*ACTIVITY:* Find the line with "Big Creek, Florence" in the data below. Repeat it and every line after it exactly, but not the pictures.

*INPUT DATA:*
__________

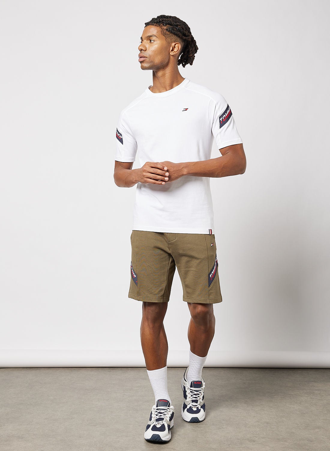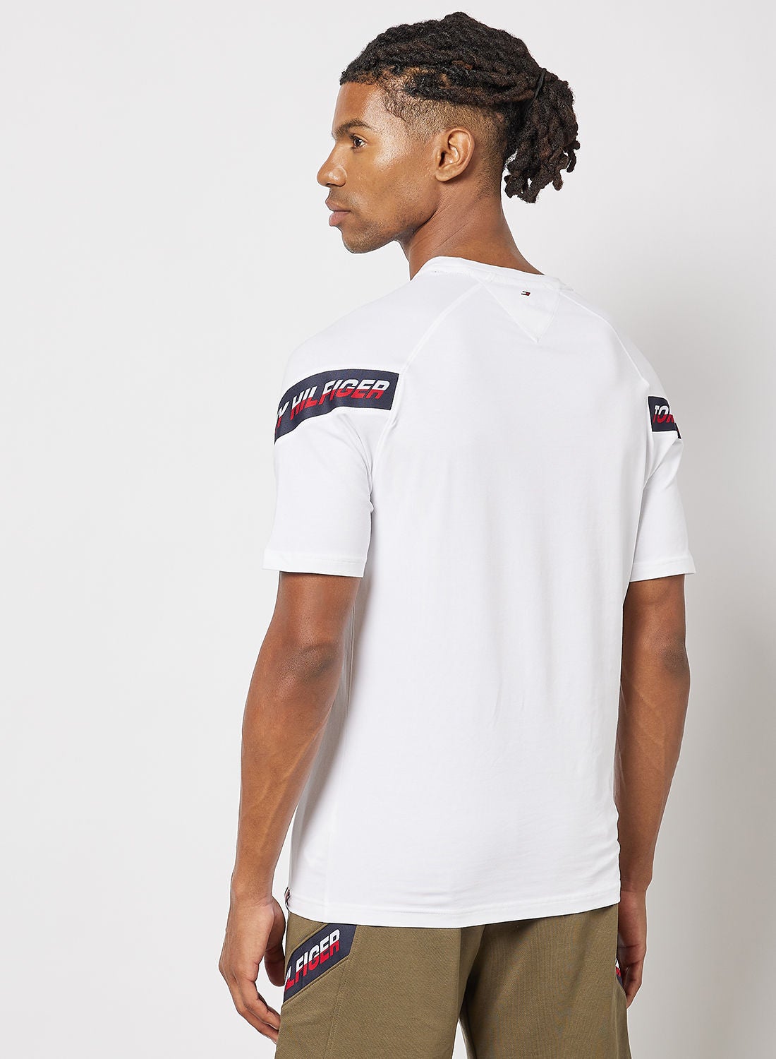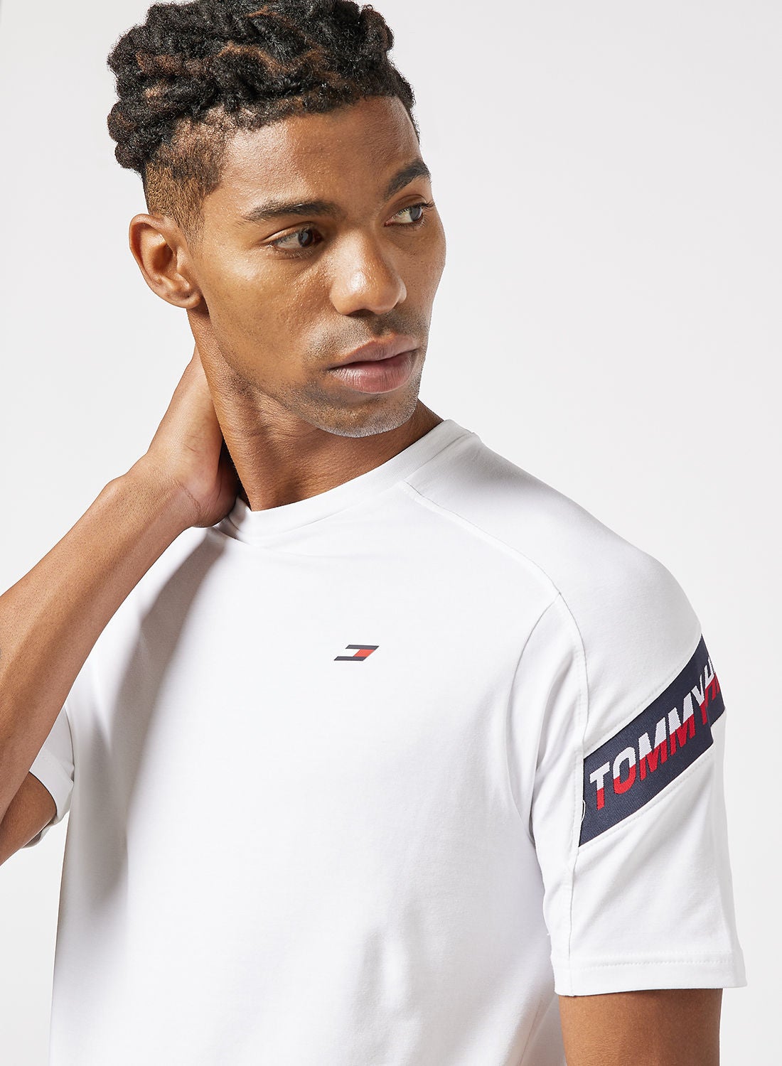 This product features a cotton blend fabric that is both soft and lightweight. It also includes cooling technology that ensures your comfort during warm weather. The design includes a crew neckline and short sleeves, and it is recommended to follow the care label instructions when washing. The product is branded with the signature Tommy Sport logo, and it is modeled by someone who is approximately 188cm tall and wears a size M.
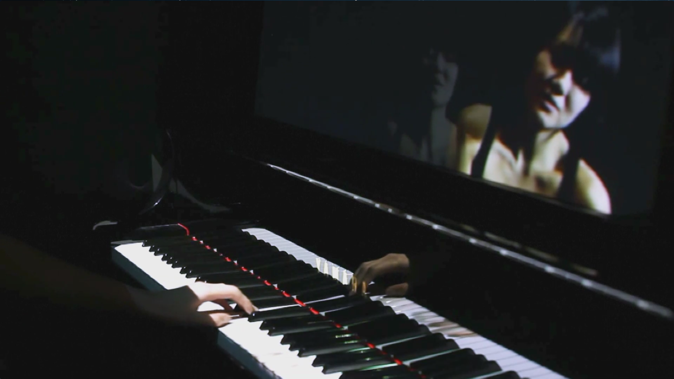 Live music emanates from a grand piano, whose keys move under the supple touch of a pianists's hands reflected on the lacquered surface of the instrument. On the music stand is visible a "reflection" of the pianist's face, whose subtle expressions project emotions of the music. MirrorFugue recreates the feeling of a live performance, but nobody is actually there. The pianist is but an illusion of light and mirrors, a ghost at once present and absent.
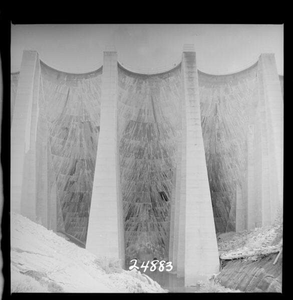 Big Creek, Florence Lake Dam - Photo of intrados of Arch 50 taken during inspection showing distribution of damp areas. Lake elevation 7326.1.
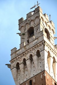 La Torre del Mangia domina il cielo senese con i suoi 88 metri. Ha la stessa altezza del campanile del Duomo e non è certo un caso ma piuttosto l’equivalenza simbolica fra potere politico e potere temporale.

__________

*YOUR SOLUTION:*
 Big Creek, Florence Lake Dam - Photo of intrados of Arch 50 taken during inspection showing distribution of damp areas. Lake elevation 7326.1.
 La Torre del Mangia domina il cielo senese con i suoi 88 metri. Ha la stessa altezza del campanile del Duomo e non è certo un caso ma piuttosto l’equivalenza simbolica fra potere politico e potere temporale.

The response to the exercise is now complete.